- _Your assignment_
Among the lines below, the one containing "甘肅省新材料產業發展規劃" opens the range and the one containing "安心のJPS耳たぶ用/片耳用セーフティピアッサー" closes it. Print that range exactly, without the pictures.

**** Data to use ****

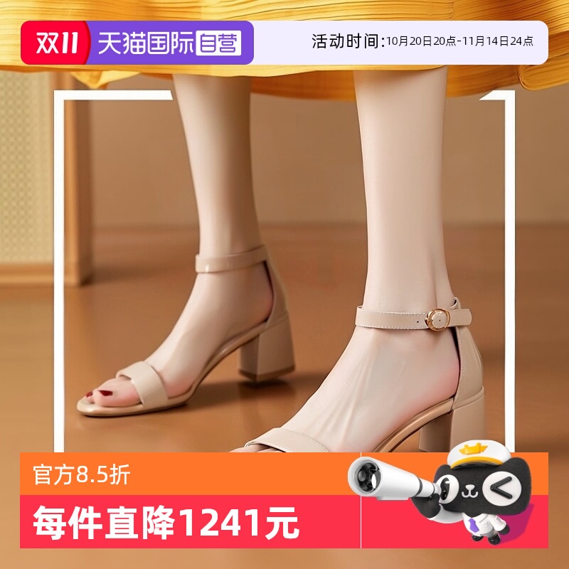 SW NEARLYNUDE 春夏经典一字扣带粗跟凉鞋女仙女风圆头高跟鞋
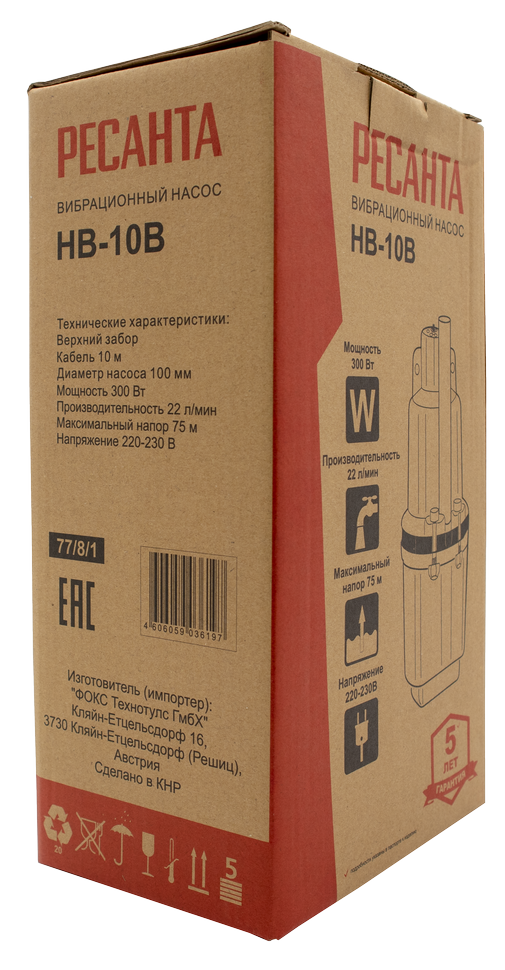 Насос вибрационный "Ресанта" шнур 10 м верхний забор 300 Вт НВ-10В 77/8/1
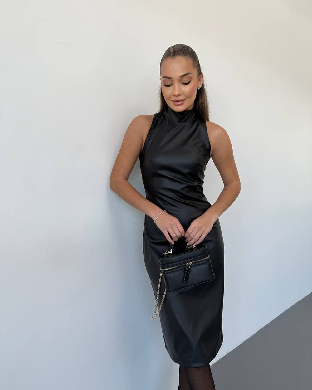 Crafted from sleek faux leather, this sleeveless dress features a modern stand collar and a sharp side split for a clean yet structured silhouette.
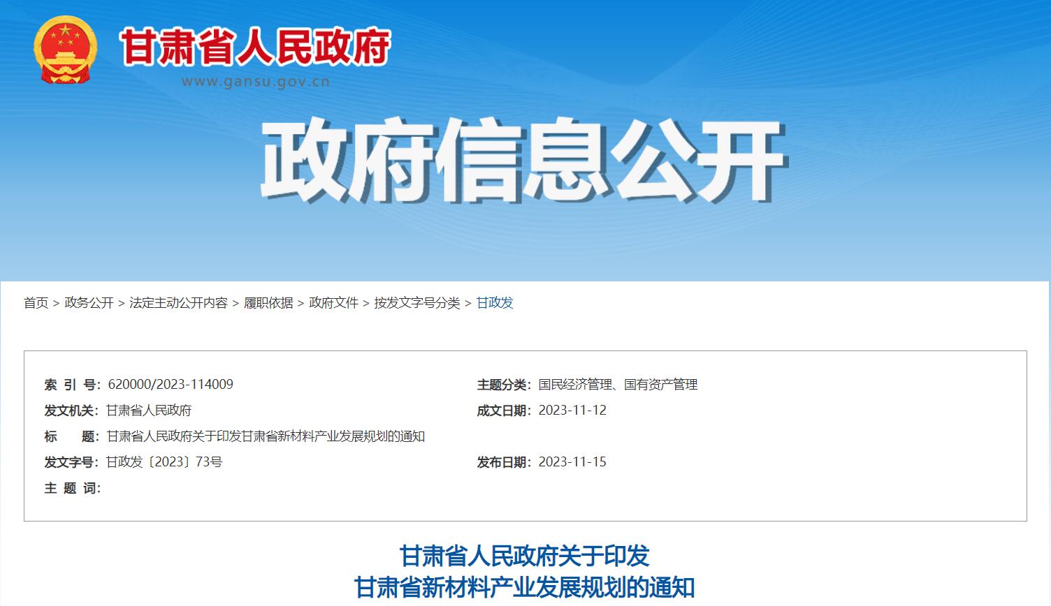 甘肅省新材料產業發展規劃
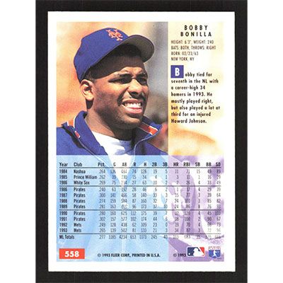 This is a 1994 Fleer Bobby Bonilla baseball card. The card is #558 and pictures show condition.
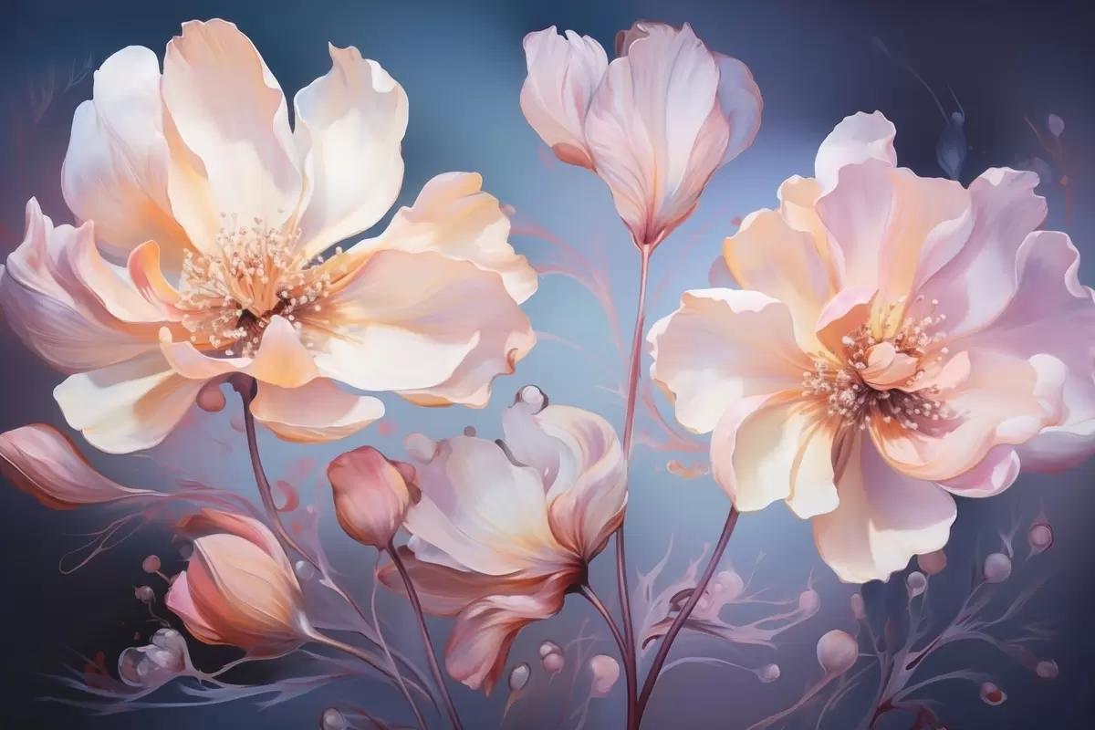 Тапете за зид Прозрачни божури боје руже и креме у акварел стилу на тамноплавој позадини бр. w09513
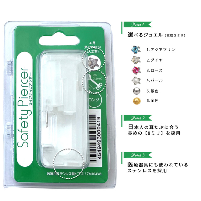 安心のJPS耳たぶ用/片耳用セーフティピアッサー
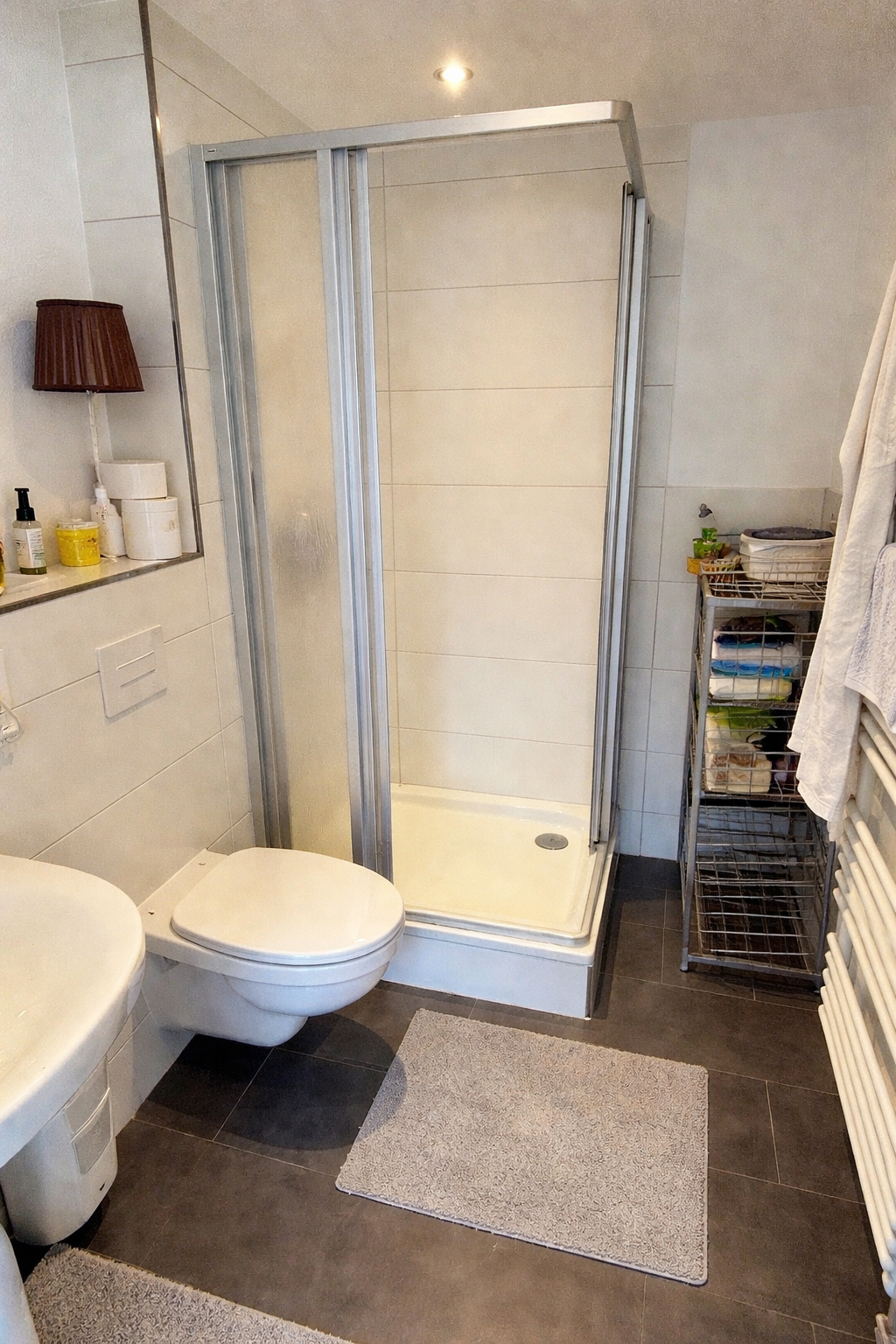 Das Bad ist mit pflegeleichten Fliesen auf Boden ausgestattet und verfügt über eine Dusche, einen Waschtisch sowie ein WC. Ein praktischer Anschluss für eine Waschmaschine ist direkt in der Wohnung vorhanden. Der Wohnbereich ist mit Vinylboden ausgelegt.
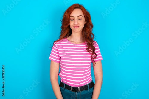 young redhead woman wearing striped T-shirt over blue background nice-looking sweet charming cute attractive lovely winsome sweet peaceful closed eyes
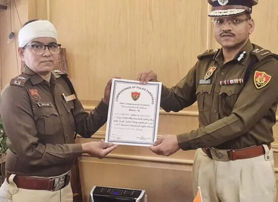 सूरजकुंड मेले में घायलों की मदद करने वाले पुलिसकर्मी और सड़क हादसे में घायल अधिकारी सम्मानित
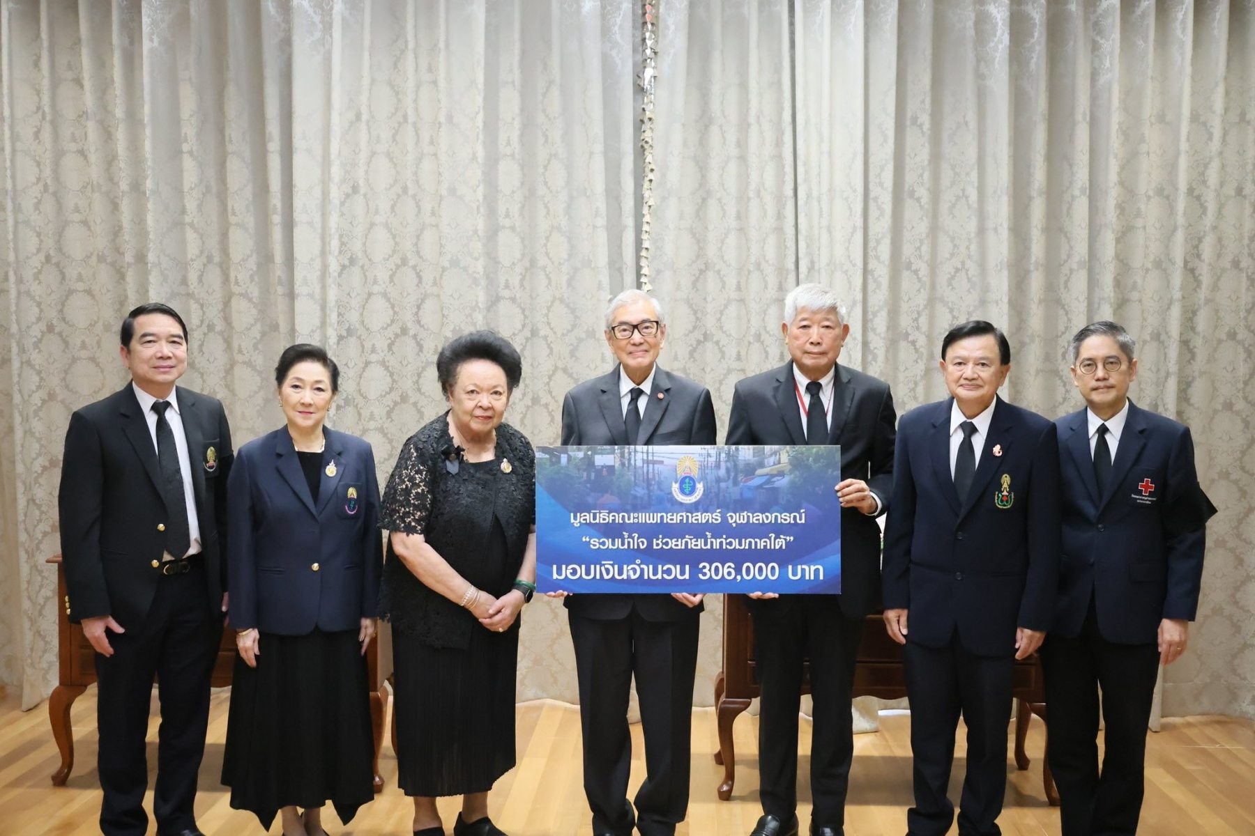วันที่ 4 ธันวาคม 2568 รองศาสตราจารย์ นายแพทย์พินิจ กุลละวณิชย์ ประธานกรรมการมูลนิธิคณะแพทยศาสตร์ จุฬาลงกรณ์พร้อมคณะ มอบเงินจำนวน 306,000 บาท ให้กับนายเตช บุนนาค เลขาธิการสภากาชาดไทย เพื่อนำไปช่วยเหลือผู้ประสบอุทกภัยภาคใต้ ณ อาคารเทิดพระเกียรติสมเด็จพระญาณสังวร (เจริญ สุวฑฺฒโน)

****

- _Answer to this exercise_
 甘肅省新材料產業發展規劃
 This is a 1994 Fleer Bobby Bonilla baseball card. The card is #558 and pictures show condition.
 Тапете за зид Прозрачни божури боје руже и креме у акварел стилу на тамноплавој позадини бр. w09513
 安心のJPS耳たぶ用/片耳用セーフティピアッサー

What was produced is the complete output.